Osama Aya, Anwar Ali Mostafa, Ezzeldin Shahd, Ahmed Eman Ali, Mahgoub Sebaey, Ibrahim Omneya, Ibrahim Sherif Abdelaziz, Abdelhamid Ismail Abdelshafy, Bakry Usama, Diab Aya A, A Sayed Ahmed, Magdeldin Sameh
Proteomics and Metabolomics Unit, Basic Research Department, Children's Cancer Hospital, 57357 Cairo, (CCHE-57357), Egypt.
Proteomics and Metabolomics Unit, Basic Research Department, Children's Cancer Hospital, 57357 Cairo, (CCHE-57357), Egypt; Department of Pharmacology, Faculty of Veterinary Medicine, Suez Canal University, 41522 Ismailia, Egypt.
J Adv Res. 2025 Jan 25. doi: 10.1016/j.jare.2025.01.036.
Gut microbiota alterations have been implicated in Autism Spectrum Disorder (ASD), yet the mechanisms linking these changes to ASD pathophysiology remain unclear.
This study utilized a multi-omics approach to uncover mechanisms linking gut microbiota to ASD by examining microbial diversity, bacterial metaproteins, associated metabolic pathways and host proteome.
The gut microbiota of 30 children with severe ASD and 30 healthy controls was analyzed. Microbial diversity was assessed using 16S rRNA V3 and V4 sequencing. A novel metaproteomics pipeline identified bacterial proteins, while untargeted metabolomics explored altered metabolic pathways. Finally, multi-omics integration was employed to connect macromolecular changes to neurodevelopmental deficits.

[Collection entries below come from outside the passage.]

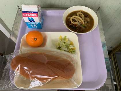 パン 牛乳 カレーうどん はくさいの甘酢あえ みかん いちごジャム
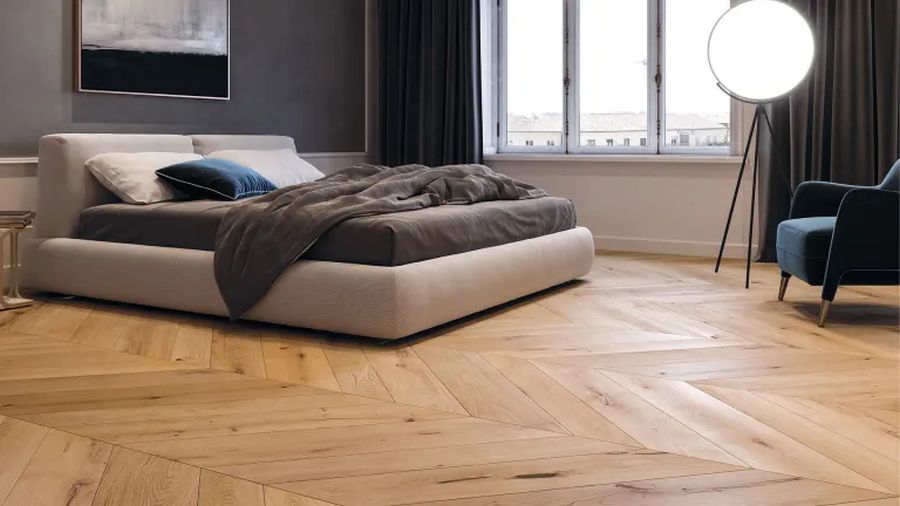 Dřevěné podlahy Chevron 45° od Labor Legno navazují na oblíbený historický vzor, který do interiéru přináší noblesu a rytmus. Variabilita šířek a délek jednotlivých parketek umožňuje přizpůsobit skladbu konkrétnímu prostoru a podtrhnout jeho architektonický výraz.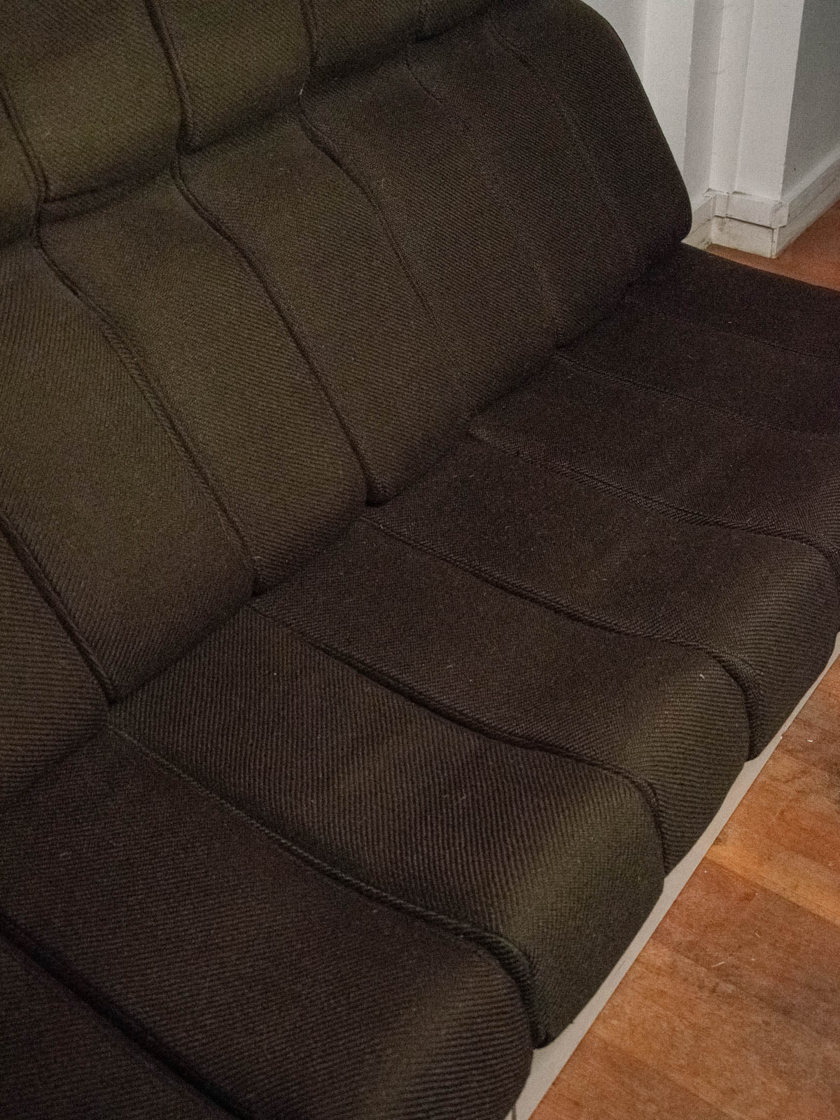 Embrace this 1970s sofa composed of three independent modules, which can be rearranged to suit your living room's proportions and create inviting configurations. Its undulating seat and dark brown wool fabric lend it a warm and inviting look. The movable armrest offers multiple uses, the top serves as a shelf, and the refurbished white melamine cabinets provide a contemporary and structured contrast. There is a small tear in the fabric of one module and minor wear visible in the photos.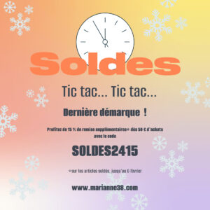 Bonjour, Plus que quelques jours pour profiter des soldes… et d’une dernière démarque ! Dès à présent, avec le code SOLDES2415, bénéficiez de 15 % de remise supplémentaires sur tous
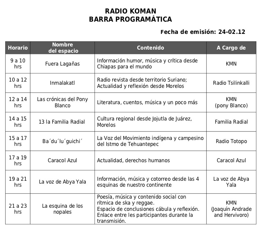 Hoy viernes escucha radio koman, esfuerzo en conjunto de diferentes colectivos y radios, uniendo el corazón y las ganas de compartir luchas. Saludos, complacencias, critica humor (negro) risas, lagrimas, coraje, alegria y compartir lo que pasa en el mundo sólo por las jornadas radiales.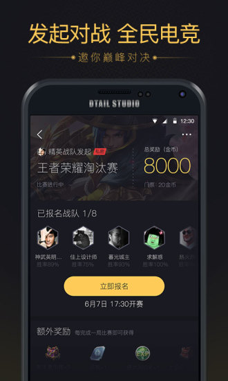 2、進入賽事頁面,用戶即可回播觀看各種精彩游戲賽事,同時還可以報名參加今天的直播賽事。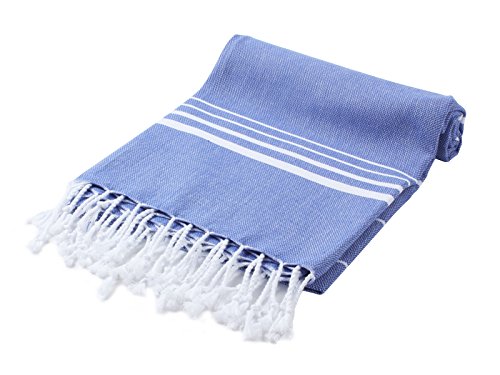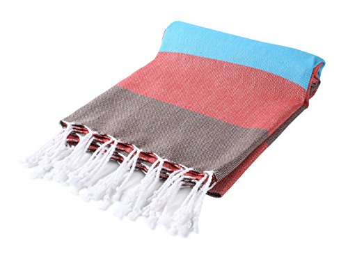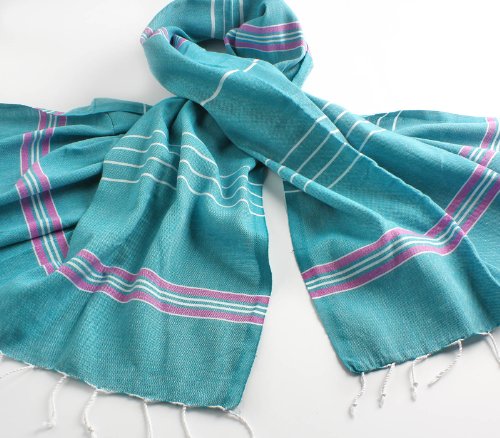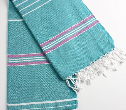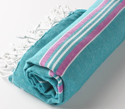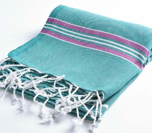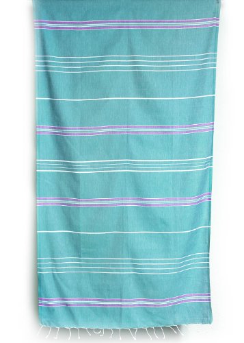 Cacala 100% Cotton Pestemal Turkish Striped Bath Towel, 37 x 70", Aqua/Purple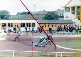 | The leading rider in Blue is Phil Kynman. Phil is at the apex of Brough Park's bends 3 and 4, just lining up for the home straight. Phil's skipper Tom Owen is assisting Phil to the chequered flag with Melvyn Taylor and Neil Leeks filling the minor places in a Newcastle 5-1 | ||||||
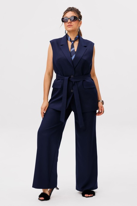 Этот элегантный костюм, состоящий из жилета и брюк, воплощает в себе утонченность и уверенность. Полуприлегающий силуэт жилета мягко подчеркивает линии фигуры, создавая гармоничный баланс между строгостью и женственностью. Однобортная застёжка на петли и пуговицы придает образу аккуратность и завершенность, а отложные лацканы воротника добавляют ноту классической сдержанности.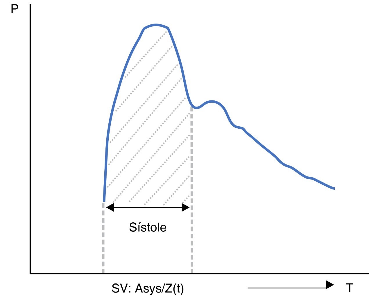 Hace más de 100 años. Otto Frank describió que a través del análisis de la onda de presión arterial podríamos ser capaces de estimar el VS, obteniendo de una manera más fidedigna información del gasto cardiaco; proponiendo que el VS era directamente proporcional al área de la porción sistólica de la onda de presión arterial pero inversamente proporcional a un elemento que el denomino Z (Figura 1), una variable en función del tiempo, la cual conocemos actualmente como impedancia arterial (Z).

Children with ASD exhibited significant alterations in gut microbiota, including lower diversity and richness compared to controls. Tyzzerella was uniquely associated with the ASD group. Microbial network analysis revealed rewiring and reduced stability in ASD. Major metaproteins identified were produced by Bifidobacterium and Klebsiella (e.g., xylose isomerase and NADH peroxidase). Metabolomics profiling identified neurotransmitters (e.g., glutamate, DOPAC), lipids, and amino acids capable of crossing the blood-brain barrier, potentially contributing to neurodevelopmental and immune dysregulation. Host proteome analysis revealed altered proteins, including kallikrein (KLK1) and transthyretin (TTR), involved in neuroinflammation and immune regulation. Finally, multi-omics integration supported single-omics findings and reinforced the hypothesis that gut microbiota and their macromolecular products may contribute to ASD-associated symptoms.
The integration of multi-omics data provided critical evidence that alteration in gut microbiota and associated macromolecule production may play a role in ASD-related symptoms and co-morbidities. Key bacterial metaproteins and metabolites were identified as potential contributors to neurological and immune dysregulation in ASD, underscoring possible novel targets for therapeutic intervention.
肠道微生物群的改变与自闭症谱系障碍(ASD)有关,然而,将这些变化与ASD病理生理学联系起来的机制仍不清楚。
本研究采用多组学方法,通过检查微生物多样性、细菌元蛋白质、相关代谢途径和宿主蛋白质组,揭示肠道微生物群与ASD之间的联系机制。
分析了30名重度ASD儿童和30名健康对照儿童的肠道微生物群。使用16S rRNA V3和V4测序评估微生物多样性。一种新的元蛋白质组学流程鉴定细菌蛋白质,而非靶向代谢组学探索改变的代谢途径。最后,采用多组学整合将大分子变化与神经发育缺陷联系起来。
ASD儿童的肠道微生物群表现出显著改变,包括与对照组相比多样性和丰富度较低。泰泽氏菌与ASD组独特相关。微生物网络分析显示ASD中存在重新布线和稳定性降低。鉴定出的主要元蛋白质由双歧杆菌和克雷伯氏菌产生(如木糖异构酶和NADH过氧化物酶)。代谢组学分析确定了能够穿过血脑屏障的神经递质(如谷氨酸、3,4-二羟基苯乙酸)、脂质和氨基酸,可能导致神经发育和免疫失调。宿主蛋白质组分析揭示了改变的蛋白质,包括参与神经炎症和免疫调节的激肽释放酶(KLK1)和转甲状腺素蛋白(TTR)。最后,多组学整合支持单组学研究结果,并强化了肠道微生物群及其大分子产物可能导致ASD相关症状的假设。
多组学数据的整合提供了关键证据,表明肠道微生物群的改变和相关大分子产物可能在ASD相关症状和共病中起作用。关键细菌元蛋白质和代谢产物被确定为ASD神经和免疫失调的潜在促成因素,强调了可能的新型治疗干预靶点。